<HTML>If an object is situated in a dated context, then it is up to those who claim the dating is not secure to prove it isn't.
E.g. take the example of Klasies River Mouth. There are deposits in Cave 3 and deposits outside on the cliff face which have been stratigraphically linked with those inside. Say an artifact, call is a armature, is found in stratigraphic layer 5a and is dated by association with faunal remains to c. 70 000 BP. Say a similiar thing happens with an object in the same layer in the cliff face deposits. Here we have two corroborating dates.
Now lets say there is a hypothetical site about ten kilometers inland with a stratigraphic sequence suspected to date to before 40 000 BP. And lets say the excavators come upon a layer comprised predominantly of armatures, a composition which resembles closely the securely dated sequence at Klasies River. Yet the excavators suspect the dates for this layer at their site could be different than Klasies. They send away material for analysis and dating, and contrasting dates come back. One date is 80 000 BP, another is 85 000 BP and the third matches the 70 000 BP date from Klasies.

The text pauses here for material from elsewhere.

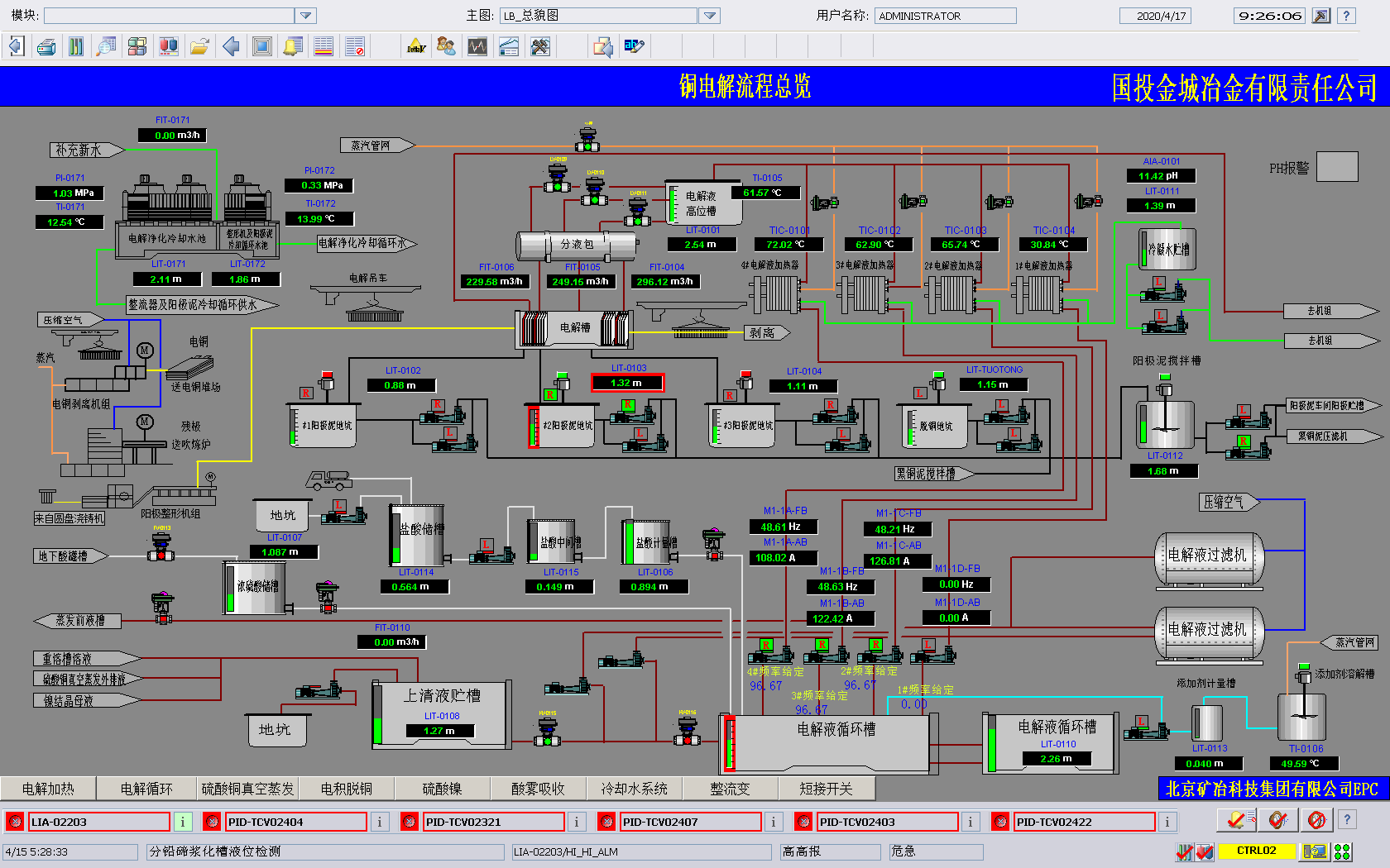 由MKSPORTS总承包的湿法电解区域EPC工程总承包位于河南省灵宝市豫灵镇,生产流程为火法冶炼产出的粗铜,经过电解精炼产出精铜,阳极泥湿法综合回收贵金属。该工程包括电解车间和阳极泥处理车间,两车间相互独立,各设置一套DCS控制系统,均采用冗余控制器+工程师站+操作员站的架构,通过环网联通整个系统。采集的实时生产数据集中归档,并设置一台OPC客户端用于和全厂生产信息管理系统联网,实现全厂资源统一管理。DCS系统针对电解车间电解液加热调节阀频繁,设计带蒸汽压力前馈的PID温度调节,针对添加剂槽蒸汽大,重新设计仪表测量系统,稳定投料速度,减少表面凸瘤和粒子的产生。集成阳极整型机组、天车定位、电解槽短接开关系统、电解液循环过滤系统、阴极剥离机组、残极洗涤机组、真空蒸发机组等子系统,集中显示调配关联数据,方便工艺监控生产过程。

The chances are very good initially that the armatures from the hypothetical site do indeed date also to 70 000 BP and the other two dates are perhaps the result of some form of contamination having occurred. Yet the excavators of the site disagree and lean towards the 80 000 BP date as being more accurate. It is up to them to prove why the correlated 70 000 BP date is inaccurate, as well as why one anomalous date should be accepted above the second anomalous date of 85 000 BP.
I hope this example may clear up any confusion any lurkers may have had.